How to find the Miller indices for a family of planes?

Question

So I'm a bit confused about this question

This question asks for the miller indices for the "families of planes". Is there a single set of Miller indices for each cubic unit cell which I can use to present all of the planes for that unit cell?

For a) I have: $(1, 0, 0)$, $(-1, 0, 0)$

For b) I have: $(0, 1, 0)$, $(0, -1, 0)$, $(0, 3, 0)$, $(0, -3, 0)$

For c) I have: $(3, 2, 0)$, $(-3, -2, 0)$ and I have no idea how to find the others for this one.

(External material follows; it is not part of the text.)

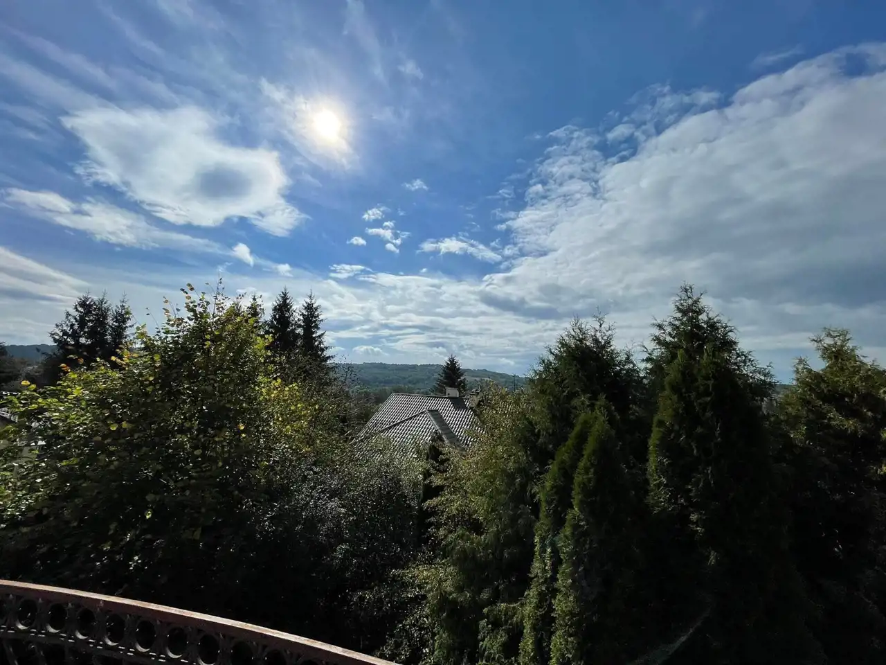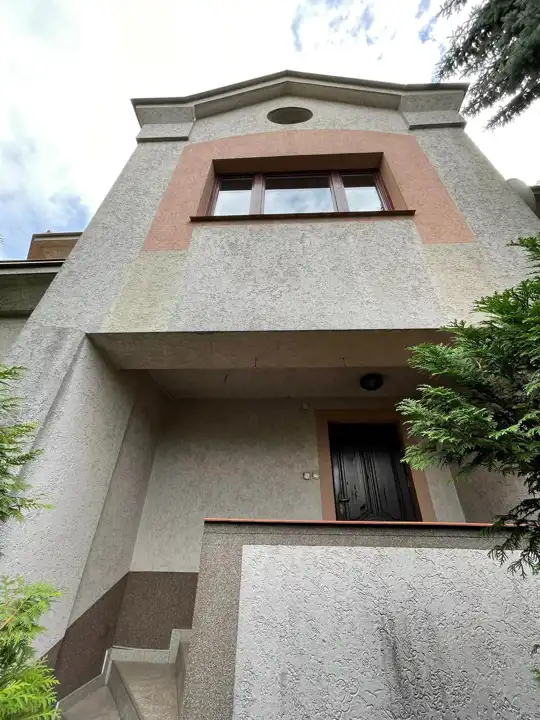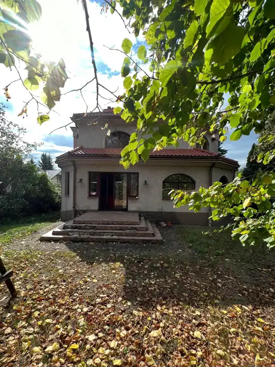 Ciekawa bryła budynku oraz piękne drzewa nadają klimat owej nieruchomości.
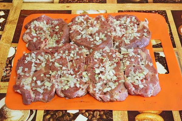 Лук мелко нашинкуйте и поместите его на стейки со всех сторон.

Also I noticed that the planes for each cubic unit cell has the same direction. I know that enclosing miller indices in square brackets represents a direction but isn't this just a vector, not a representation of a family of planes?

Answer 1

Assume a 3D lattice and denote its reciprocal lattice basis vectors as $\vec{b}_{1,2,3}$. The symbol $\left(h,k,l\right)$ stands for all the planes orthogonal to the vector $h\vec{b}_{1}+k\vec{b}_{2}+l\vec{b}_{3}$ (also written $\left[h,k,l\right]$ as you stated), so in fact there is no difference between $\left(1,0,0\right)$ and $\left(-1,0,0\right)$ for instance.

Answer 2

You almost answered the question yourself. One uses curly parentheses for family of planes.

• For (a) you have {100}
• For (b) you have {030}
• For (c) you have {320}

Realise that there is a redundancy when it comes to defining family of planes. One can use more than one notation.